Мария — дочь Терентия, хозяина мельницы и маслобойки; богатая невеста. Терентия еще пока не называют куркулем, пока еще дремлет на время усыпленный нэпом классовый инстинкт. Когда над куполом церкви гаснет последний зоревой свет и в школе меркнут окна, лишаясь золотого сияния, когда выкатывается на небо млечная луна, Терентий — ладонью с лопату — охорашивает сперва на голове жидкие волосы, затем окладистую бороду и садится на скамью перед гудящим самоваром. Ему, неподвижному как идол, суетливо прислуживает чахоточная, со впалой грудью и черными губами, жена; робко жмется по углам стайка приживалок в одинаковых, темных как ночь платочках с ярко–красными розами и золотистыми листьями. Терентий женщин не замечает, пьет чай долго, обдумчиво, до седьмого пота.

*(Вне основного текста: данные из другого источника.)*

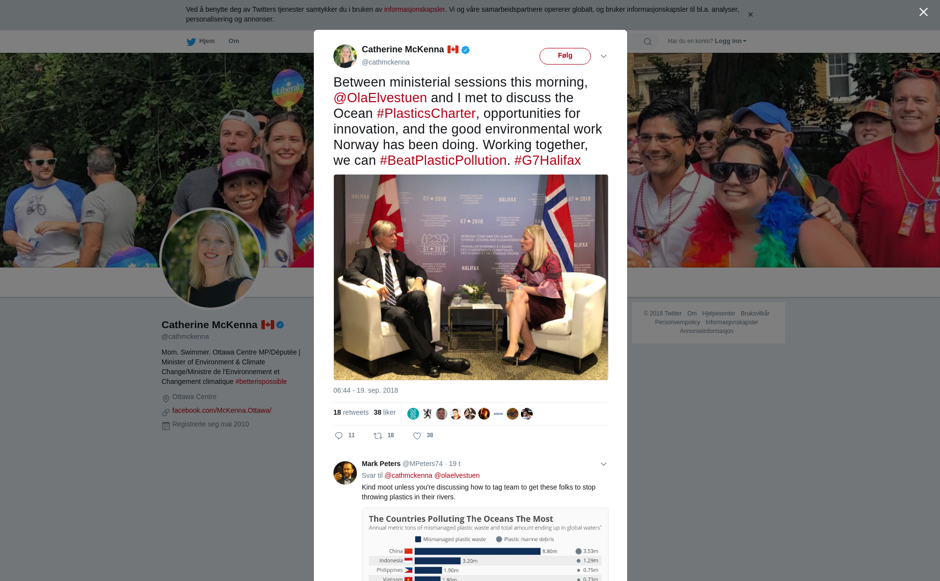 RT @cathmckenna: Between ministerial sessions this morning, @OlaElvestuen and I met to discuss the Ocean #PlasticsCharter, opportunities for innovation, and the good environmental work Norway has been doing. Working together, we can #BeatPlasticPollution. #G7Halifax https://t.co/WIAwMeMnem
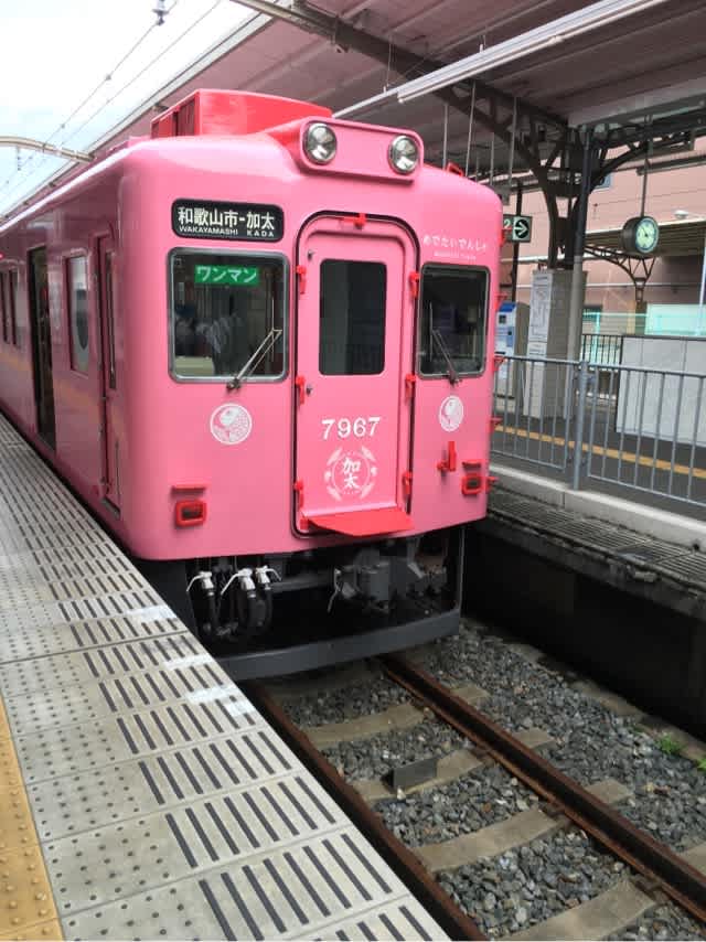 写真は前後して、行くときに和歌山市駅でみた「めでたい電車」

Хозяин дома мрачен и неразговорчив; только всегда праздничная и быстрая, как синекрылая ласточка, Мария может заставить Терентия поднять насупленные казацкие брови. Оттаявшим вдруг лицом он провожает дочь от стола до порога, от скрыни до вмазанного над печуркой зеркала. И разглаживаются тогда на лбу Терентия каменные черные морщины и в зеленых глазах светится задумчивая печаль.